J’en ai profité pour demander à Monsieur Pichon si sa tablette magique pouvait lui dire comment j’étais arrivé là. Apparemment elle ne le pouvait pas. J’en étais pas plus perturbé, ma puce pourrait combler les trous, puce que j’allais retrouver très bientôt car j’étais déjà sur le chemin de la sortie. Par contre la tablette magique ne pouvait pas non plus retrouver la trace du reste de mes biens, ainsi que de mes vêtements, ce qui était légèrement plus problématique.
« Merci Chonchon, vous avez été un amour. » Je sais pas si c’était la vieillesse, ou le coma, mais je me suis levé avec dans l’idée de lui laisser la vie sauve, tant qu’il ne tentait pas quelque chose d’inconsidéré. Je crois qu’il a été aussi surpris que moi, et j’ai atteint la porte sans encombre. J’ai pris une profonde inspiration en préparation de ce qui m’attendait de l’autre côté de la porte, et je me suis rappelé ce que j’avais oublié.
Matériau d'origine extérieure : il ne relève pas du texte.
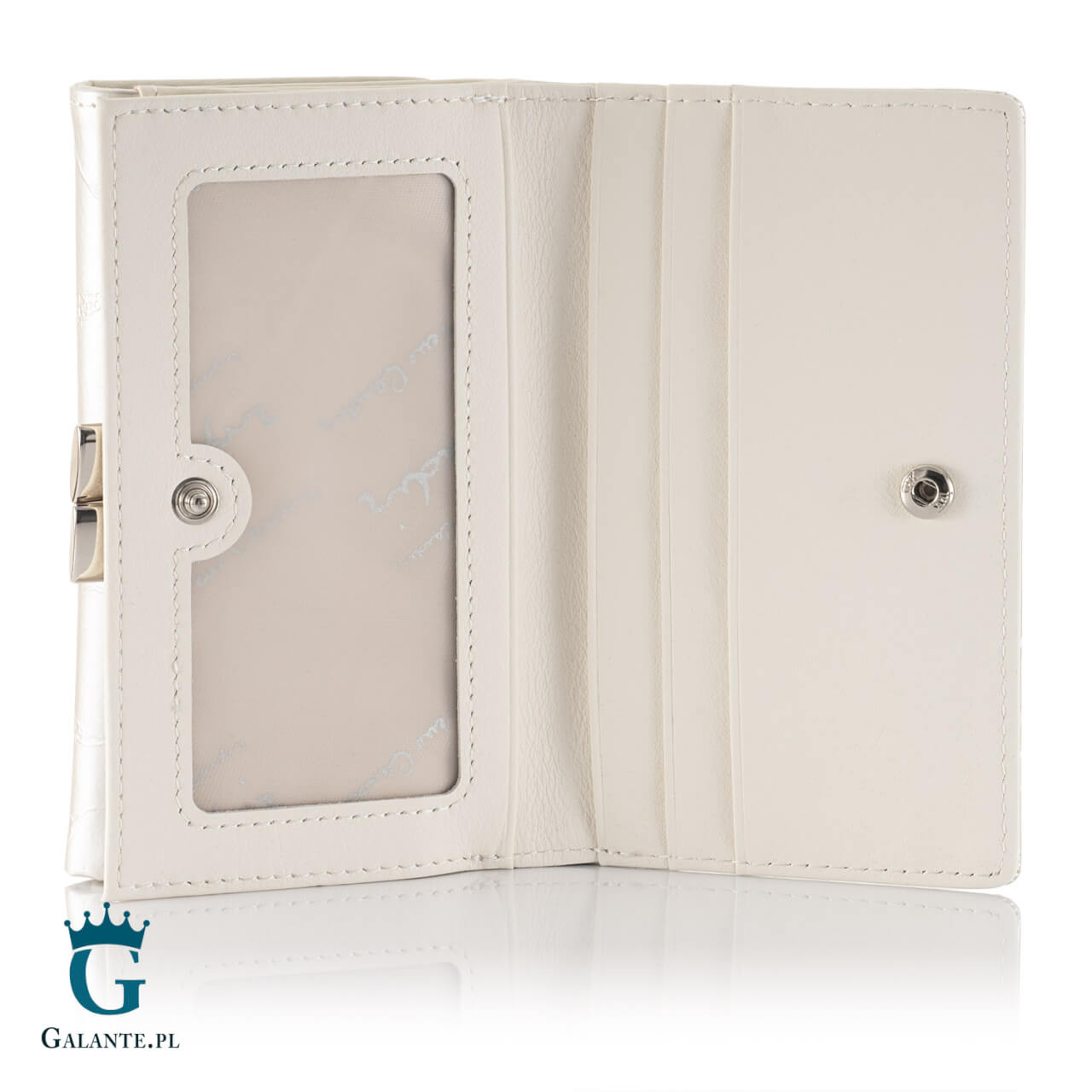 Portfel mimo umiarkowanych rozmiarów jest niezwykle przestronny i funkcjonalny. Posiada zapinaną na bigiel kieszeń na bilon oraz dwie części zapinane na zarzask. Zawierają one przegrodę na banknoty, aż 14 kieszonek na karty, dwie przeźroczyste kieszonki, w tym jedną dostatecznie dużą, aby pomieścić dowód rejestracyjny, oraz 3 dodatkowe kieszonki na dokumenty lub bilety parkingowe.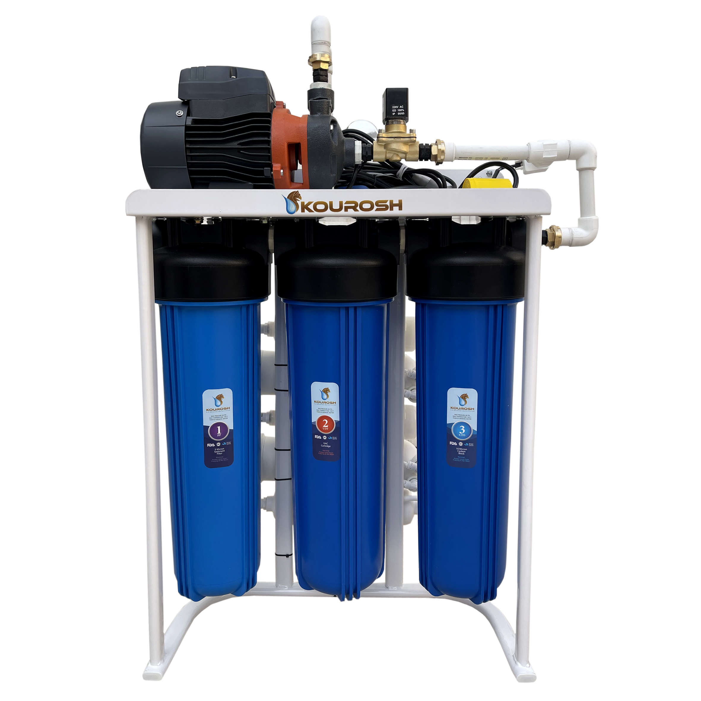 دستگاه تصفیه آب نیمه صنعتی ۱۲۰۰ گالن کوروش یکی از بهترین انتخابها برای محیطهایی با مصرف بالای آب آشامیدنی است. این دستگاه با بهرهگیری از فناوری اسمز معکوس (RO) و سه عدد ممبران قدرتمند، قادر است تا ۴۲۰۰ لیتر آب خالص در شبانهروز تولید کند.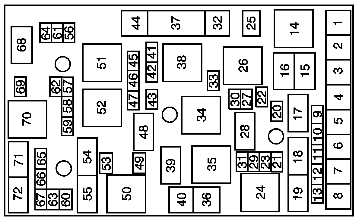 The underhood fuse block is located in the engine compartment on the passenger side of the vehicle.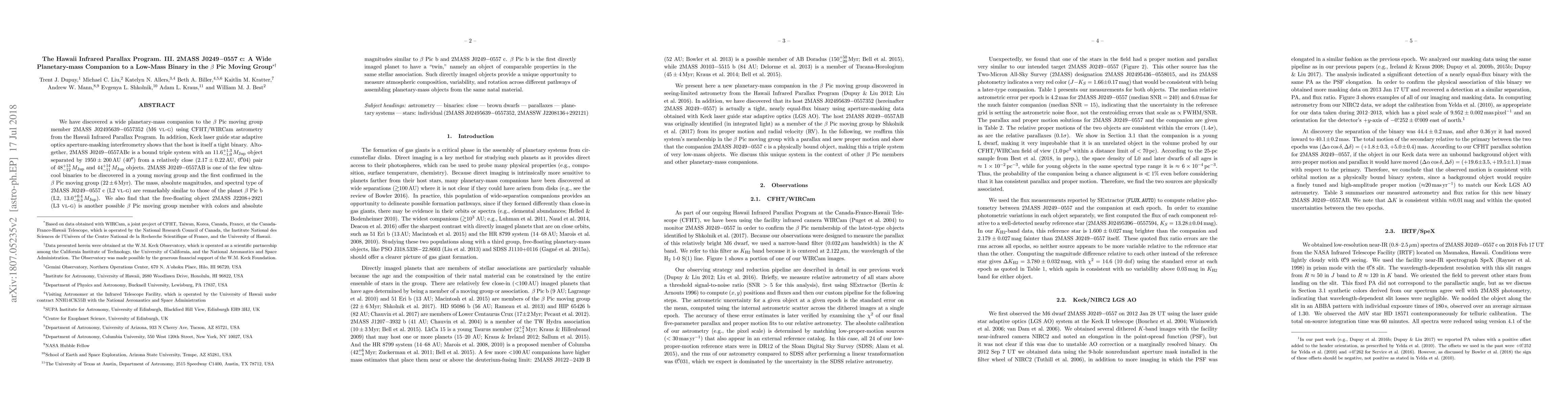 The Hawaii Infrared Parallax Program discovered a wide planetary-mass companion, 2MASS J0249-0557 c, to a low-mass binary in the β Pic moving group, forming a triple system. The companion has a mass similar to β Pic b, offering a unique opportunity to compare planetary formation pathways.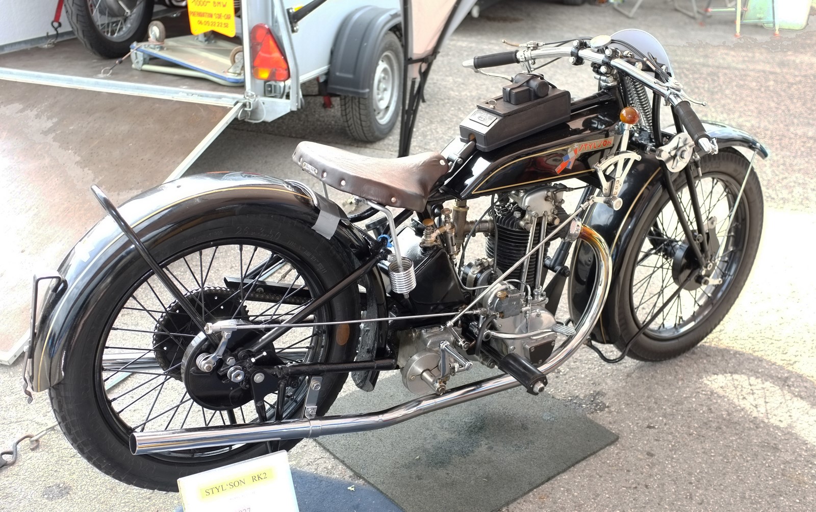 Une vue plus précise de la n°270. Très belle entretube. Pas sur que ce soit une Styl'son, mais on reconnait nettement des éléments de St Etienne, comme le cadre, la fourche, et les garde-boues, identiques à la production Ravat. Cadre et réservoir FSS6 1926 à moteur Zurcher 350 "boule", et fourche issue aussi d'une FSS6 plus récente. Aucune illustration n'est connue de la Styl'son 500 RG "supersport spécial", 1927 / 1928. Marc Defour hésitait pour le moteur entre un JAP à culbuteurs ou le LMP. La RF, la sportive en 350, était équipée d'un LMP 350 à culbuteurs, mais dans un autre cadre.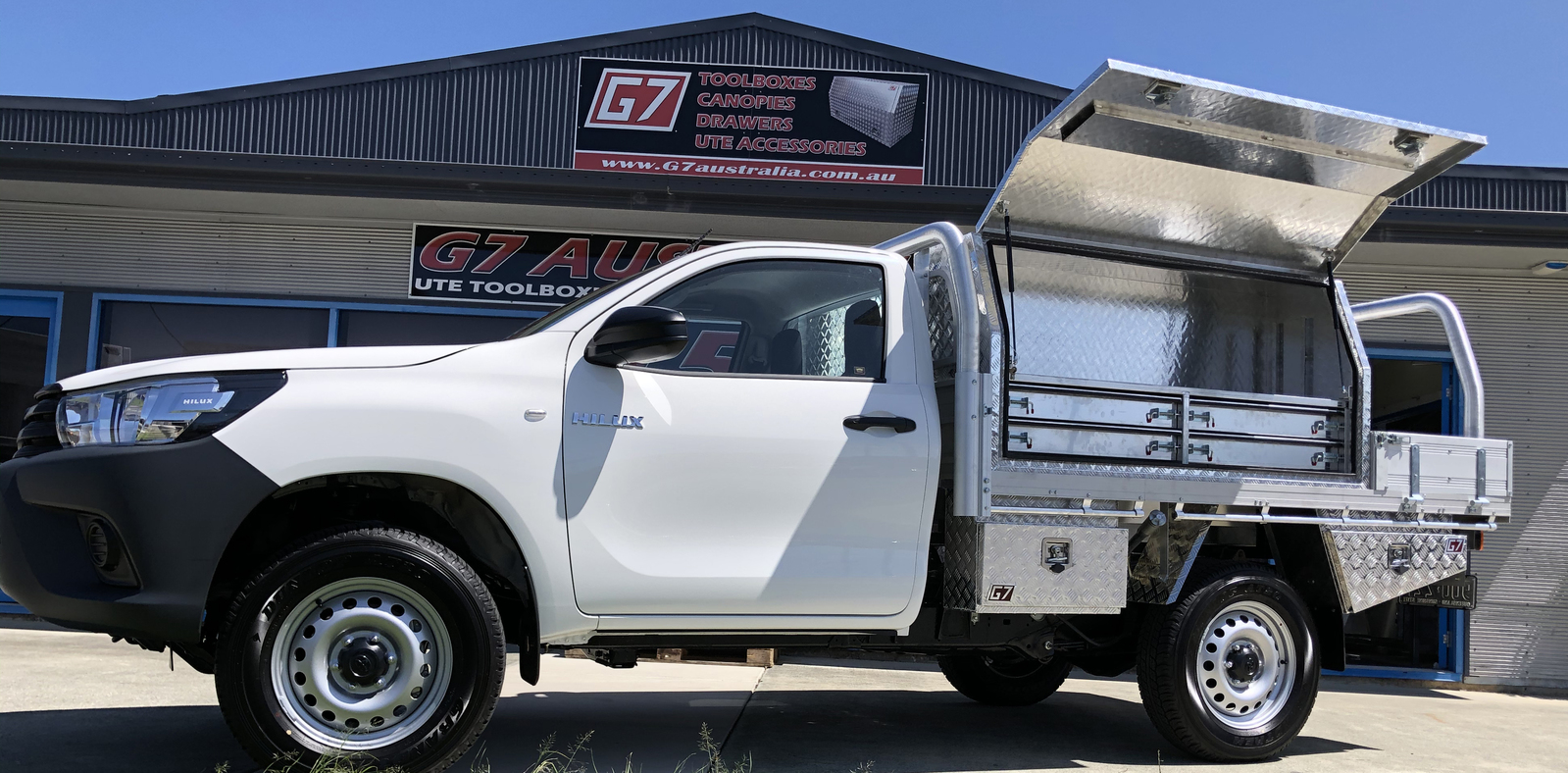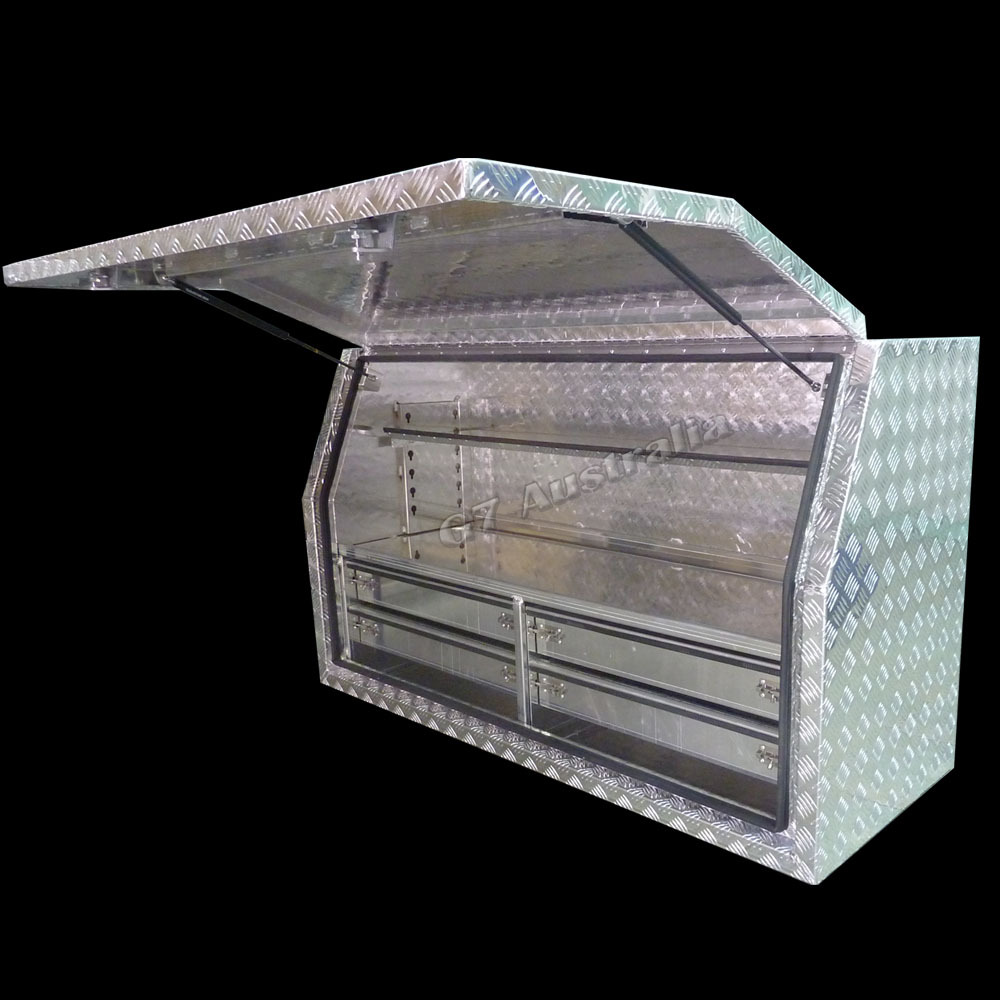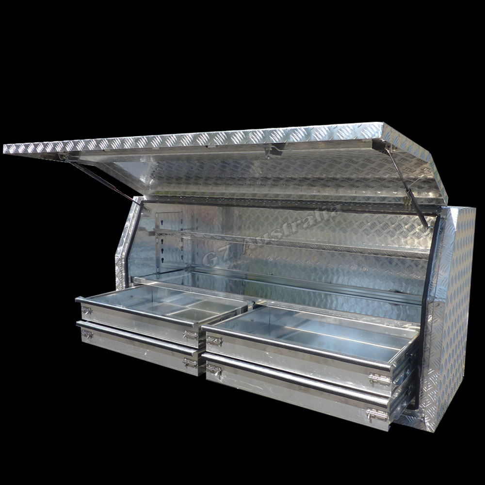 The large open space of the Aluminium Toolbox is the perfect place to store your larger tools while the four fully built-in drawers are ideal to store your smaller tools, while the adjustable height shelf is a great place to store your fittings and fixings. The four drawer Pro Box is the ultimate in Ute Tray storage. Check out our range of Accessories!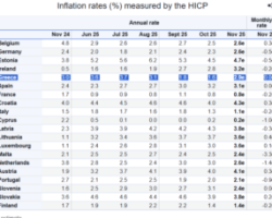 Στο 2,2% διαμορφώθηκε ο ετήσιος πληθωρισμός στην Ευρωζώνη τον Νοέμβριο του 2025, σύμφωνα με τα τελευταία στοιχεία της Eurostat, καταγράφοντας […]

« Dîtes, vous auriez la date ? »
« 24 Février 2224. »
« Sérieusement ?! »
Monsieur Pichon n’a fait que hausser les épaules, pas vraiment déphasé par l’étrangeté de la date. Moi, en revanche, n’avait pas eu le temps de m’y faire, puisqu’apparemment j’avais passé les deux dernières années dans le coma.
J’aurais parié qu’ils avaient refilé mon Espace. Le personnel était à mes trousses, entre autres (c’était jamais aussi simple). J’étais sans abri, sans armes, et en combi de Clinique. Eh merde.